Definitions of Transnationalism

The terms ‘transnationality’ and ‘transnationalism’ are considered by Jackson, Crang and Dwyer (2004, 4) to be trend words in the social sciences, though they believe that the ties and interactions that embody these terms have been in existence for a long time. Al-Ali and Koser (2002, 1) question whether any new developments have occurred since researchers first began describing ‘international migration as “transnational migration”, international migrants as “transnational migrants”, and their activities and identities as examples of “transnationalism”’. The attention given to the subject of transnationalism is ongoing. Yet it is unclear what status is given to those individuals, groups of individuals or communities considered to be transnationals and what it means to the wider society that someone is a transnational.

If transnationalism is about maintaining ties to a homeland or culture, then a distinction between a migrant and a transnational is possible on the basis of the contact that a migrant has with the homeland or culture and whether that contact is limited to other migrants in the host country. Migrants, unlike transnationals, maintain involvement in only one space (Rouse 2004, 28). To a transnational, relationships, connections, and families occur across boundaries though not necessarily involving the mobility that we might expect of a migrant. Transmigrants claim or are claimed by two or more nation-states, one of which is their state of origin (Glick Schiller 1999).

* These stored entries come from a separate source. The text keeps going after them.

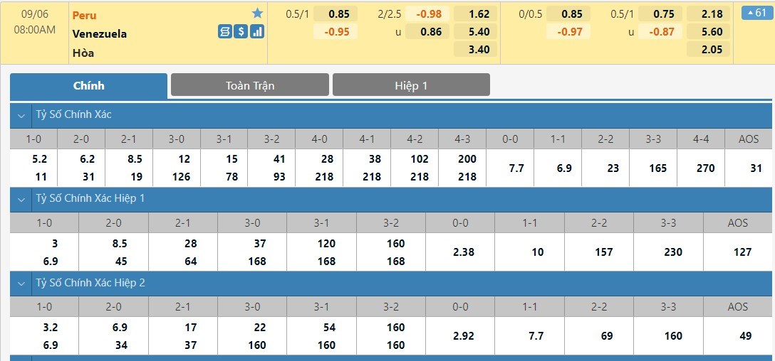 Tip kèo tỷ số hiệp 1: Peru 0-0 Venezuela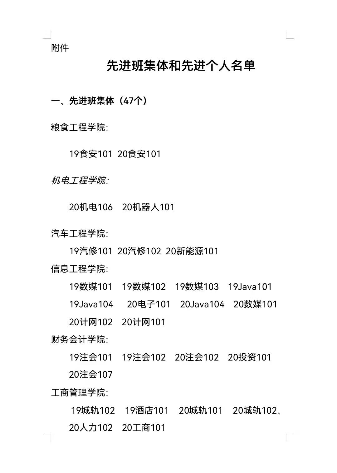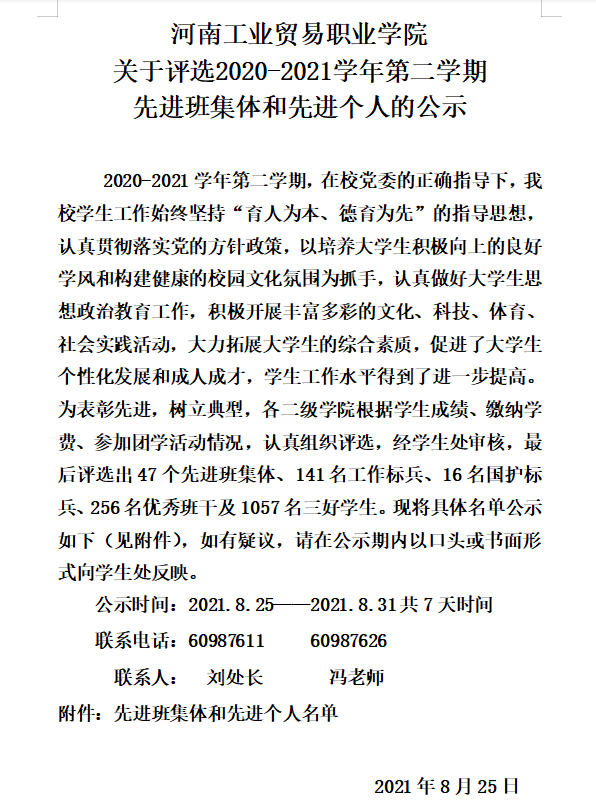 河南工业贸易职业学院关于评选2020-2021学年第二学期先进班集体和先进个人的公示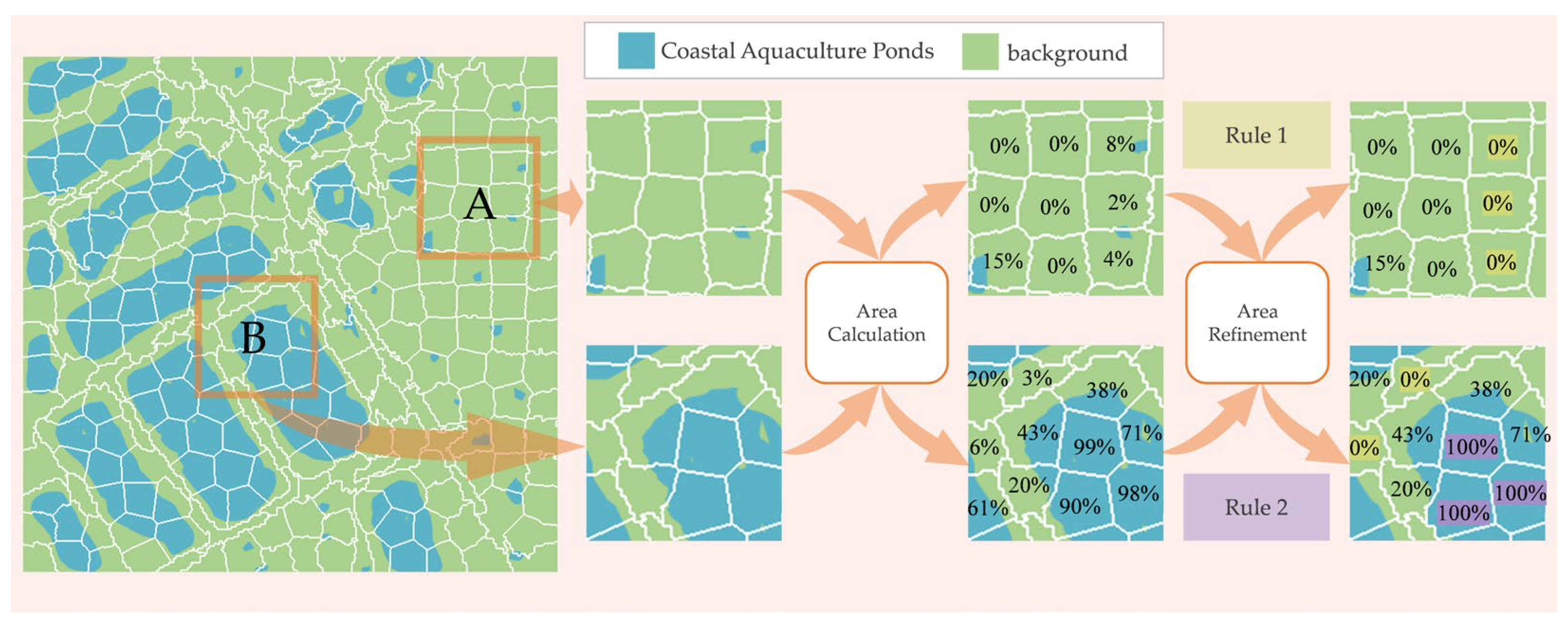 Figure 6. SR algorithm process. Calculate the proportion of aquaculture pond area within each superpixel in each region, and then refine the superpixels using two rules. (A) Shows the application area of rule 1: If the coverage area of aquaculture ponds within a superpixel is less than τ min of the total area, the corresponding aquaculture area will be removed. (B) Shows the application area of rule 2: If the coverage area of aquaculture regions within a superpixel exceeds τ max , all pixels within that superpixel will be classified as aquaculture ponds.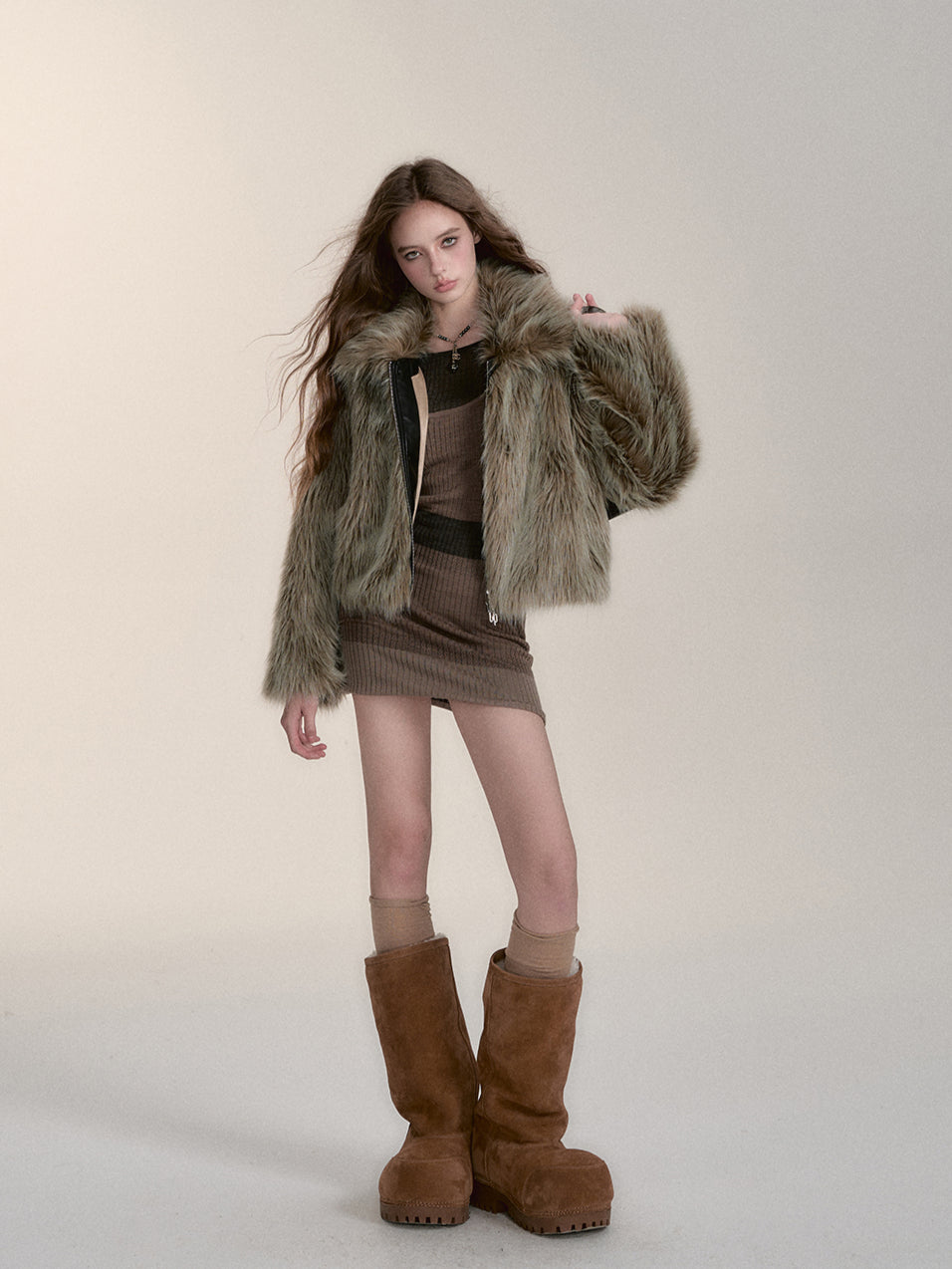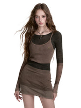 This design combines a striped knit sweater with a layered structure that mimics a two-piece outfit, using a hem + shoulder strap to create a stylish layered look. The silhouette enhances body shape, while the structured knit fabric offers comfort and elegance for autumn and winter.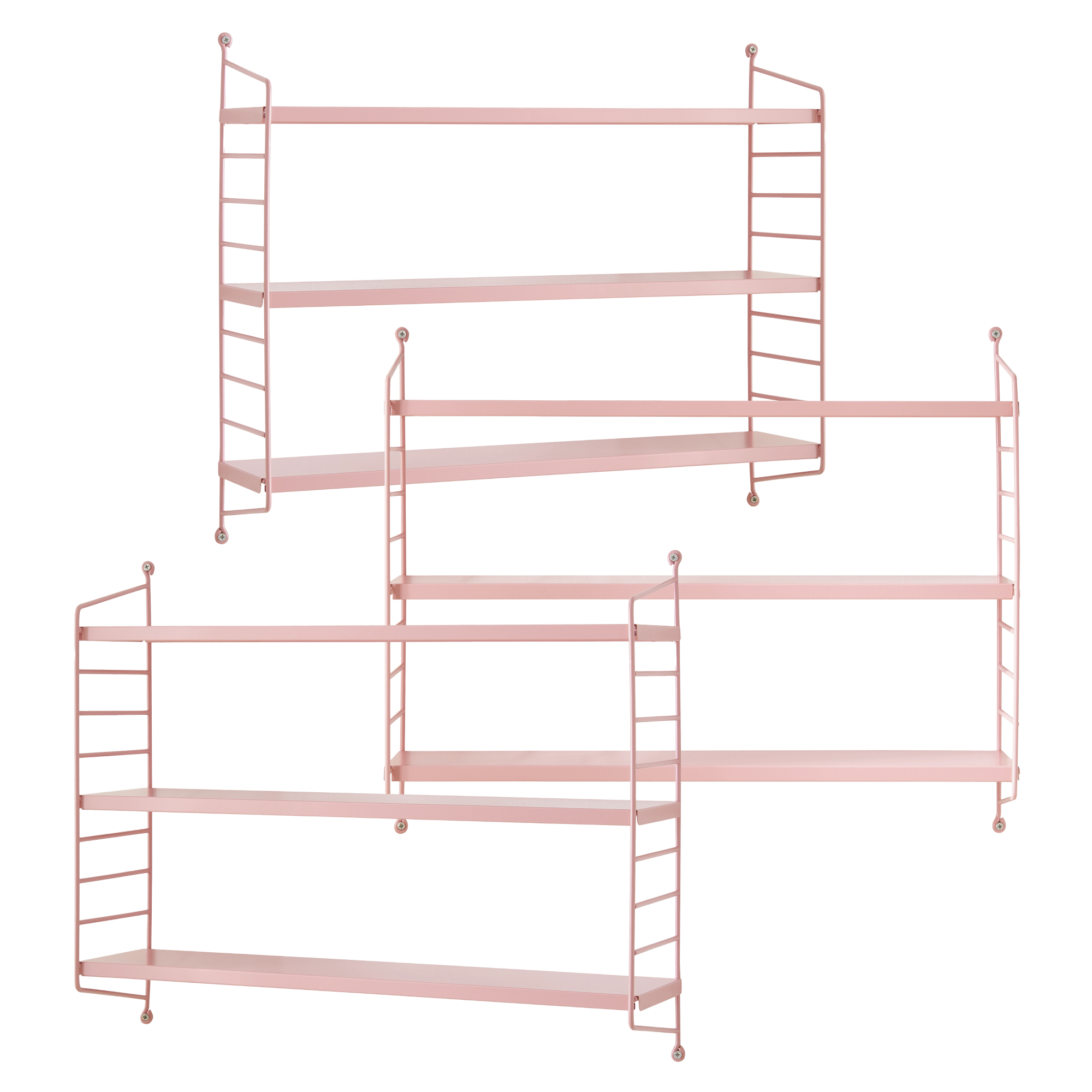 Set 3 rafturi de perete modulare roz din otel, cu 3 polite, Strängnäs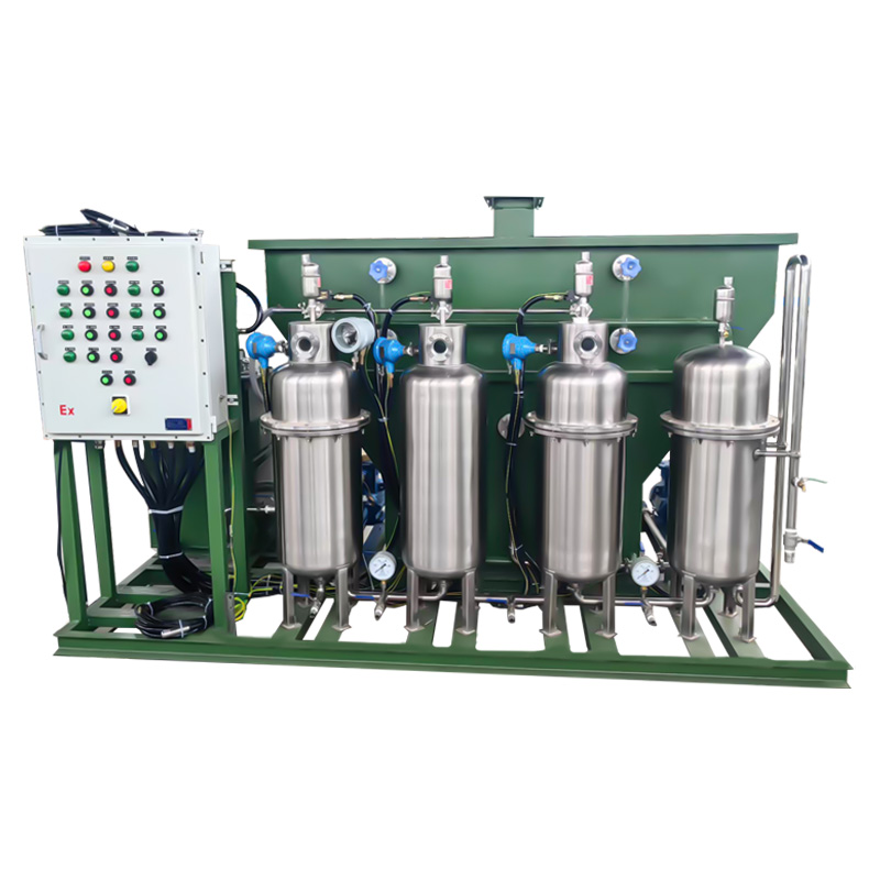 【产品简介】:(一吨)带斜板油水分离设备主要成件说明: 斜板分离器采用两级工艺处理以除去水中的油类和悬浮固体颗粒,污水通过泵打入油水分离器入口,此时流动方向向上,这种初始向上的流动,能够确保水中大部分的游离油(浮油)能够快速上升到分离器的表面。

This argument is supported by Basch, Glick Schiller and Blanc (1995) and Al-Ali and Koser (2002), who say that transmigrants are immigrants who develop and maintain economic, social, religious, and organisational relationships that span borders. Pacific transnationals, like those transnationals described by Glick Schiller, operate in social fields that transgress geographical, political and cultural borders. Van Amersfoort and Doomernik prefer to keep the term ‘transnational community’ to refer to those ‘that have kept their cultural identity and whose members are still guided by specific cultural norms in important areas of behaviour’ (2002, 59).